The FDA still has not released official regulation on what is/isn’t allowed in recruitment via social media mediums. As a result, social media for clinical trial recruitment is such a gray area which is constantly evolving in its application. Although times are changing, IRBs shy away from encouraging the use of social media in patient recruitment because of the uncertainty in how to regulate it. In the meantime, you don’t want to be left outside the social circle, so here is a helpful resource to help navigate the unregulated waters: Patient Recruitment, Regulatory & IRB Considerations for Social Media

3 thoughts on “Oh that Facebook…Can social media be used for clinical trial recruitment?

  1. What Facebook offers, which other online advertising platforms can’t, is real demographic targeting across a wide audience. Radio and newspaper ads are fuzzy. Google ads can be linked to topics and keywords, but restricted only by geography. Facebook ads, on the other hand, can be sliced and diced by geography, gender, age, and interests. Once you know you can reliably reach Hispanic women ages 30-40 in Oakland, it’s hard to give up that level of precision and go back to a placement and a prayer.

    My biggest issue with social media outreach being done by specific studies is just that—they’re focused only on that one given study. There’s typically been no way for studies to build on the outreach work of prior studies, or to link up with other health-related outreach (e.g. bone marrow donation).

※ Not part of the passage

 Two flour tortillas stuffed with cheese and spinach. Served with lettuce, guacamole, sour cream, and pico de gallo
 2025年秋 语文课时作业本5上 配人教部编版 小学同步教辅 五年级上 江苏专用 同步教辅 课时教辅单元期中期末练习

  2. Patients Like Me (patientslikeme.com) has been doing this for a while. Not necessarily to recruit for clinical trials, but to bring patients with similar stories together. For the patients, it’s an invaluable resource and for clinicians it’s an invaluable tool.

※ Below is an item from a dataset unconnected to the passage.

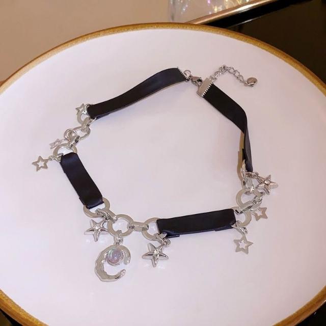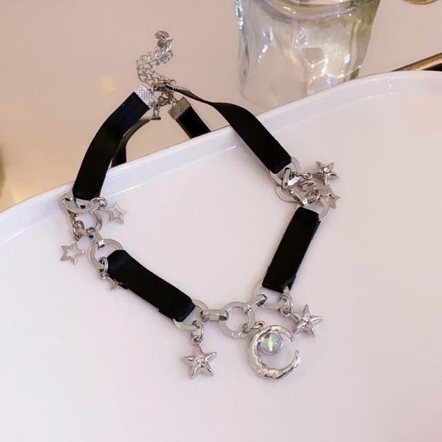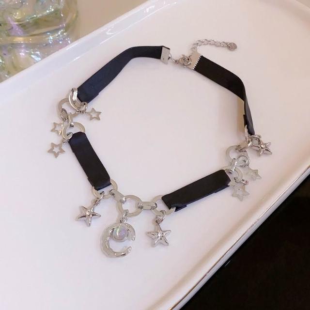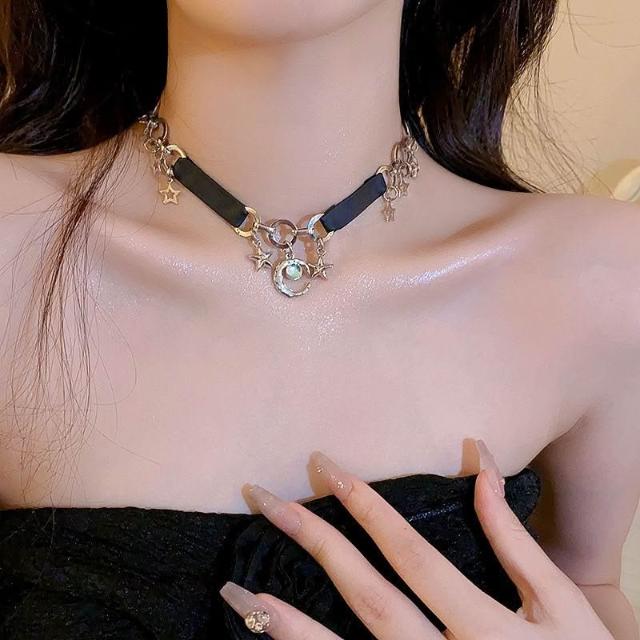 Fortune皮革星星鏤空項鍊暗黑風月亮吊墜辣妹個性鎖骨鏈2026新款頸鍊頸飾
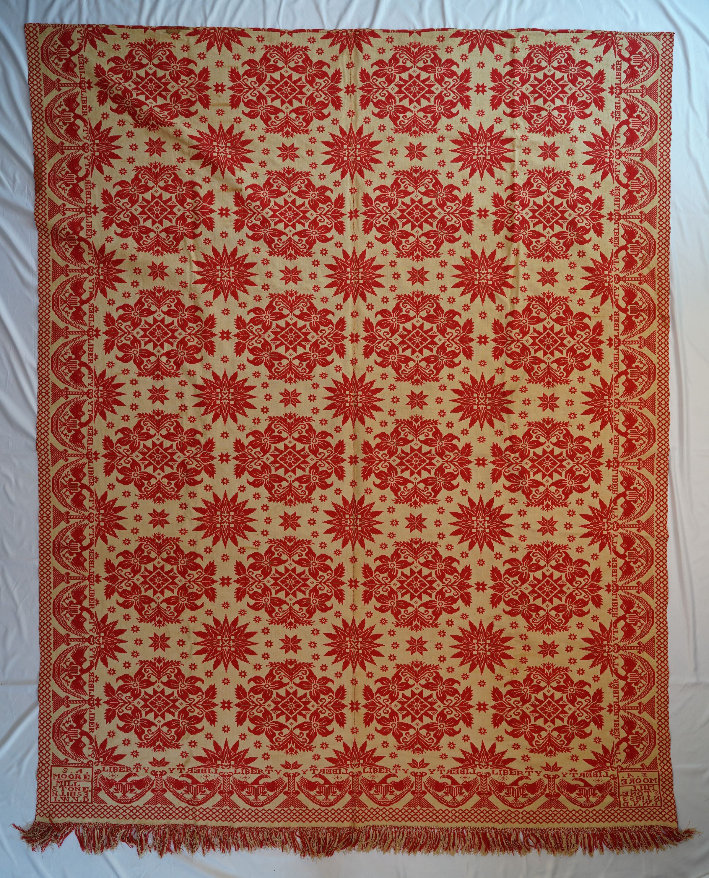Natural and red figured double weave coverlet; two panels joined by a center seam. Border on three sides, fringe on bottom.Collection

  3. @Anirvan – totally agree. One of huge gaps with using social media for study-specific purpose is that it is so limited to “stay in this box”. And then because we are being careful in what we say, it comes across to the user that you are pushing an agenda. And due to the limitations by IRBs about what you can say in clinical trial recruitment, you can end up sounding like a broken record, just repeating the “approved” recruitment language. Who is interested in that?
    I think it’s probably more effective if you create a page that is more general to a disease research area, say, Asthma Research at UCSF, and then you are not limited to promoting one specific trial but other asthma related topics that might fit in the category, as well. If you provide links to general resources for asthma research at FDA or CDC–topics that are public knowledge, you don’t need to get IRB approval. You are just offering educational links that the members might be useful or interesting. Then fold in information about the clinical trial, every 5-10 posts. Or as you suggest, post other trials as well. It shouldn’t be a competition for enrollment, it should be about informing the patient that these opportunities and resources exist and if you are interested in clinical trials then here are some options that might work for you. I think it’s good to be mindful of the 80/20 rule. 80% of your info is valuable to your followers, and no more than 20% is promotional.
    @Dave, PatientsLikeMe is a great organization which really taps into fostering the community aspect of social media in disease specific areas. It a huge resource for particular diseases such as MS or fibromyalgia, where they have 20,000+ members. That’s incredible! Sparse in other areas…but it’s getting there. I do really love how you can search by “what you have” and can see how many members there are like you. We’ve explored using them for local/regional specific outreach and the impact becomes much smaller.